Рада ходила сюда каждый день, но сегодня впервые привела Яра.
— Офелия развешивала венки. Первая журналистка назвала ту девушку, Светлану, вилисой, но никто не знал, кто это…
— Я тоже не знаю, — он сжал ее плечи. — С этими убийствами все с ума посходили. Какие вилисы, какие Офелии? Можно подумать, этого психопата ловят, чтобы в театр позвать работать.
— Я бы на месте худрука Драмы такого сотрудника не упускала, — неловко улыбнулась она. — Мне страшно, Яр. Посмотри на нее.
Женщина, нарисованная на стене, улыбалась разрезанным ртом. Вокруг — тысячи цветов, похожих на брызги крови. У нее белые волосы и пустые глазницы.
Словно городу поставили могильную плиту, а никому нет дела.
— Хочешь — давай уедем, — легко предложил Яр. — Ты даже концерт отыграла.
— А твоя работа?
Он пожал плечами. Рада закрыла глаза и сделала шаг назад. Прижалась к нему спиной, и он сомкнул борты пальто, словно обняв ее серыми крыльями.
— Поехали, — неожиданно для себя сказала она, так и не открыв глаза. — Поехали отсюда, куда угодно.
— Хорошо.
Бабушкина дача стояла запертой много лет. Далеко-далеко за городом, грядки поросли одуванчиками и мятой, голубая краска на закрытых ставнях превратилась в драконью чешую. Можно уехать туда, зажечь свет, затопить печь и распахнуть окна. Выбить из ковров пыль и постирать занавески. Ополоснуть старые фарфоровые чашки, поставить чайник со свистком. Уехать туда и стать совсем-совсем счастливыми. Там почти никого не бывает. Если она скажет — там вовсе никого не будет.
Рада точно решила, что они так и поступят.
И они никуда не уехали.
…
Яна плохо запомнила, что происходило дальше. Кажется, она хватала Яра за рукава, кричала, чтобы он остался, что без него она сойдет с ума, а потом плакала, повторяя, что ее обязательно убьют. Когда же, когда наконец это случится?!

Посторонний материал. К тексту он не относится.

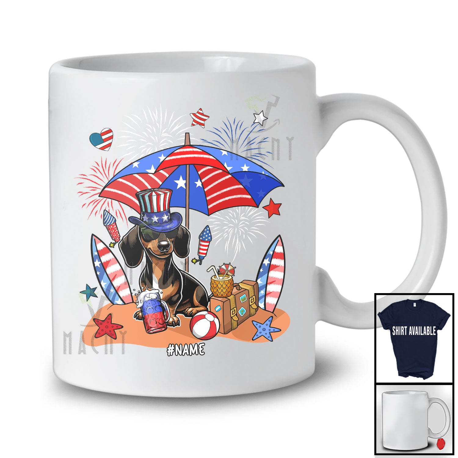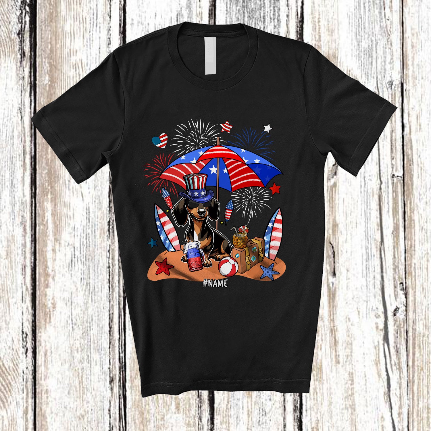 • Personalized Custom Name Dachshund Relax Wait For 4th of July; Lovely US Flag Patriotic T-Shirt. This cotton t-shirt is a durable staple product with a classic fit. One of the most popular items, it has a relaxed style made for everyday and casual wear.

И отец гладил ее по спине и пытался заставить пить валидол, мать механически мешала воздух в опустевшей чашке и смотрела в экран.

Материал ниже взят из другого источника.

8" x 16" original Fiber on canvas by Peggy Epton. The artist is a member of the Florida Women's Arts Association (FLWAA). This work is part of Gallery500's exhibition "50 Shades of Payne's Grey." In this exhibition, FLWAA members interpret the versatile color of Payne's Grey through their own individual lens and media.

А у Яра были страшные глаза. Серо-зеленые, как седая полынь.
Он умрет. Она умрет, умрет человек, который несколько часов назад убил блондинку в белой блузке. Смерть была совсем рядом, и у нее были зеленые глаза. А потом ей показалось, что вовсе не зеленые, но какие — она не запомнила.
Яна снова всех обманула.
Конечно, Яр ушел. И она ушла следом, вырвавшись из мягкого домашнего сумрака, горького запаха алкоголя, остывшего в перегар и рассыпанных крошек сгоревшей шарлотки. Из утешающих прикосновений отца, из его мягких рукавов, из молчаливого сочувствия матери и звона ее тарелок.
Яна ушла, а стоило остаться.
Потом Яна звонила Лему из таксофонной будки, и ей казалось, что она держит себя в руках, что она собрана, холодна и рассуждает трезво. Но и это она потом вспомнила с трудом. Вовсе не помнила, как зашла домой, взяла круглый кофр со дна шкафа и потащилась в прокат.
«Убей. Убей меня наконец, пусть все кончится. Ярик, убей меня, ты ведь добрый. Лем, ты меня любишь, убей меня. Папочка, папа…» — скакали мысли. Прыгали, выскальзывали, разбивались об асфальт дождевыми каплями.
«Папа… Яр… белая блузка… папа машину разбил. Шарлотка сгорела… у смерти глаза добрые… у Яра добрые глаза… папа… мамочка… хорошо, что Яр понравился… меня убей, меня!»
Мысли метались, роились, но Яна точно знала, что их успокоит. Уложит, усмирит. Пусть Лем найдет ее и снова отчитает. А может, он поймет наконец-то. Вот было бы хорошо.
Истерика отступила, как только Яна подошла к прокату. Теперь она и правда была сосредоточенной и трезвой.
Она открыла видеопрокат и распахнула окна, вымывая синим осенним воздухом запах пролитого днем кофе. Свет не зажигала. Проверила решетки — держались крепко, прутья никто не подпиливал.
Яна не знала, зачем делала это. Раньше два магнитофона и несколько стеллажей с кассетами стоили по-настоящему дорого, тогда прокат могли и ограбить, и сжечь. А теперь кассеты брали, но на показы почти никто не ходил. Те, кто приходил, норовили всунуть Яне то бутылку, то кусок сыра, то пакет яблок вместо денег. Она брала, и пускала, иногда даже просто так, потому что считала, что в кинотеатрах показывают ширпотреб, и что кино нужно смотреть вместе с кем-то.